Question

What is the spin only magnetic moment of the metal ion in P and the oxidation number of Sulphur in the oxidised product Z?

• A. \(\mu = 0 \quad\) Oxidation number \(= +4\)
• B. \(\mu = 5.00 \, BM \quad\) Oxidation number \(= 0\)
• C. \(\mu = 5.92 \, BM \quad\) Oxidation number \(= +2\)
• D. \(\mu = 1.732 \, BM \quad\) Oxidation number \(= +6\)

Hint:

Use \(\mu = \sqrt{n(n+2)}\) to calculate magnetic moment.

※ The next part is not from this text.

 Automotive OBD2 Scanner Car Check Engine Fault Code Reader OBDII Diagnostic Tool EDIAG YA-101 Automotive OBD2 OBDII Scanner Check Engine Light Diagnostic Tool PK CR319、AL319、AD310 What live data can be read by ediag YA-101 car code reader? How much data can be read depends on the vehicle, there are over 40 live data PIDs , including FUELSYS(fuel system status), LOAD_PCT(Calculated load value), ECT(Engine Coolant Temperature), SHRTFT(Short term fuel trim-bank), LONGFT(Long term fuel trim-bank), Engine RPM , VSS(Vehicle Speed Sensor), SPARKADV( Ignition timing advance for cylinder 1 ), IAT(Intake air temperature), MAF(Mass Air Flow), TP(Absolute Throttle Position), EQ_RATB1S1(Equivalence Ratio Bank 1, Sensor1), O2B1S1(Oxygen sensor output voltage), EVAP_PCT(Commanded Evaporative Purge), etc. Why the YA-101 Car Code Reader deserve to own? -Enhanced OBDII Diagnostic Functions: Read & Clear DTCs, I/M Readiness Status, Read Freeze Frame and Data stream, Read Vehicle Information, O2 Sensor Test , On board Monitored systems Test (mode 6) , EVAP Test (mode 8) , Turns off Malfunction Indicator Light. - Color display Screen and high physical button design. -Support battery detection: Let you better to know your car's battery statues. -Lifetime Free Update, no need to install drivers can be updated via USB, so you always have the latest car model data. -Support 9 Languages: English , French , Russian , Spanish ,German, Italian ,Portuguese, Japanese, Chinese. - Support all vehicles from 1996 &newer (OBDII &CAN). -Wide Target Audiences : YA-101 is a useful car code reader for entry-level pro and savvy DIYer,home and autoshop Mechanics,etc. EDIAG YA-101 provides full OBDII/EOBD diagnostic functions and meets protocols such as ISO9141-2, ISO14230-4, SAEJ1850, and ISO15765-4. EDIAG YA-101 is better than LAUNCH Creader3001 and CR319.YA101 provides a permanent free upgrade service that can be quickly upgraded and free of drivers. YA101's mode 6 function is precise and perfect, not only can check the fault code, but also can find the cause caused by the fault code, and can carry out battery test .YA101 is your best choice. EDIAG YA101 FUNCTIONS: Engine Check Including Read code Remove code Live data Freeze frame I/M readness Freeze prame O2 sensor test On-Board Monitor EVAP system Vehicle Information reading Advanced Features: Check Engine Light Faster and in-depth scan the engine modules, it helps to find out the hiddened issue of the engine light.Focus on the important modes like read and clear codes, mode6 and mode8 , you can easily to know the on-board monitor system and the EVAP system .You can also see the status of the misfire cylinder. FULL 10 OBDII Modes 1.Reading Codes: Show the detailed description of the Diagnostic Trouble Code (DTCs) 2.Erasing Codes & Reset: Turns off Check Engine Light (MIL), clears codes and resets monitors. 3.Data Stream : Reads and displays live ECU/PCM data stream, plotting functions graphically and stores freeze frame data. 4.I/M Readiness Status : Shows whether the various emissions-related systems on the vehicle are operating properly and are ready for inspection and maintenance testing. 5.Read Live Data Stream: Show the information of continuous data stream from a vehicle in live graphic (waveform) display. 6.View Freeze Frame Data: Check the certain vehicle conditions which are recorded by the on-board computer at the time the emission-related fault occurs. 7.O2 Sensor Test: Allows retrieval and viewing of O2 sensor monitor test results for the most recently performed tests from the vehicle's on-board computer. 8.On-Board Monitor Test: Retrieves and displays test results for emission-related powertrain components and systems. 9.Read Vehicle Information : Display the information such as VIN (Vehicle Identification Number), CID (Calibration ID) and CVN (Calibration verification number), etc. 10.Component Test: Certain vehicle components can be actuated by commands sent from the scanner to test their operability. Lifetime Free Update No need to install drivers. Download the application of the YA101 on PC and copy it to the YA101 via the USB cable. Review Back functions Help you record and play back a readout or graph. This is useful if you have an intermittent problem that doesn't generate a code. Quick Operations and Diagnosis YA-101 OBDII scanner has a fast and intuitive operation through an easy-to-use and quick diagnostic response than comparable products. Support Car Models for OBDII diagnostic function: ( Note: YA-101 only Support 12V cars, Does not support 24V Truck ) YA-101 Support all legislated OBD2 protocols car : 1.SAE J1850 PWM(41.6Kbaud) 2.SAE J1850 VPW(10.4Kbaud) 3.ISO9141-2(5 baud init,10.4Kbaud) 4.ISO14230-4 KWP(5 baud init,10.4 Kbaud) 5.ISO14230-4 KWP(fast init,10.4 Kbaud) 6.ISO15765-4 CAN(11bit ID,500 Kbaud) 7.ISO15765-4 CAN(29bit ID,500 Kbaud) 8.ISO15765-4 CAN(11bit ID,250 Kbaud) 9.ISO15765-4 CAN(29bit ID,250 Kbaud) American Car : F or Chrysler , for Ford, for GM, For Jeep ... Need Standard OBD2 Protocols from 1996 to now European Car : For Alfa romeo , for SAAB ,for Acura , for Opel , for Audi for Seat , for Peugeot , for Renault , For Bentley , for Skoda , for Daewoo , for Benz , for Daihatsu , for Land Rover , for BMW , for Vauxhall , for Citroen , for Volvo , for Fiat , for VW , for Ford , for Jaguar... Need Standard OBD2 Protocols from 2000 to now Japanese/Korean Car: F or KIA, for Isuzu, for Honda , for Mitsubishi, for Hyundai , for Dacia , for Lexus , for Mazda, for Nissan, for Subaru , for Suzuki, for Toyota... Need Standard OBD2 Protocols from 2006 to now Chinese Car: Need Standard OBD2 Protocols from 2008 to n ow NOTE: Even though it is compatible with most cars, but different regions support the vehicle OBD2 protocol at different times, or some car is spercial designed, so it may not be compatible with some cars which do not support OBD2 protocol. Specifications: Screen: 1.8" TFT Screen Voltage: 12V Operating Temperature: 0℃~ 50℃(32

Strong oxidizing agents like \((S_2O_8)^{2-}\) usually oxidize sulphur to its highest oxidation state \(+6\).

Answer 1

The Correct Option is D

Step 1: Understanding the reaction sequence.
The given sequence involves pyrolysis with \(KOH/KNO_3\), followed by disproportionation, and then oxidation using \((S_2O_8)^{2-}\).
This type of sequence is characteristic of manganese chemistry.
Thus, compound \(P\) contains manganese ion.

Step 2: Identifying the species formed (P).
Under strong oxidizing alkaline conditions (\(KOH/KNO_3\)), manganese compounds form manganate ion:
\[ \mathrm{MnO_4^{2-}} \] So, \(P\) contains \(Mn^{6+}\).

Step 3: Disproportionation of manganate.
Manganate ion undergoes disproportionation in acidic medium:
\[ 3MnO_4^{2-} + 4H^+ \rightarrow 2MnO_4^- + MnO_2 + 2H_2O \] Here,
- \(MnO_4^-\) (purple)
- \(MnO_2\) (blackish brown solid)
Thus, the blackish brown compound \(X\) is \(MnO_2\).

Step 4: Determining unpaired electrons in \(Mn^{6+}\).
Electronic configuration of Mn:
\[ [Ar] 3d^5 4s^2 \] For \(Mn^{6+}\):
\[ 3d^1 \] So, number of unpaired electrons \(n = 1\).

Step 5: Calculating magnetic moment.
Spin only magnetic moment is given by:
\[ \mu = \sqrt{n(n+2)} \, BM \] \[ \mu = \sqrt{1(1+2)} = \sqrt{3} = 1.732 \, BM \]

Step 6: Oxidation of sulphur compound.
The species \(Y\) reacts with peroxodisulphate \((S_2O_8)^{2-}\), which is a strong oxidizing agent.
Sulphur is oxidized to its highest oxidation state.
The final product \(Z\) contains sulphur in oxidation state:
\[ +6 \quad (\text{as in } SO_4^{2-}) \]

Step 7: Final Answer.
Thus, the spin only magnetic moment is:
\[ \mu = 1.732 \, BM \] and oxidation number of sulphur in \(Z\) is:
\[ +6 \] \[ \boxed{\mu = 1.732 \, BM \quad \text{and oxidation number } = +6} \] Hence, the correct answer is option (D).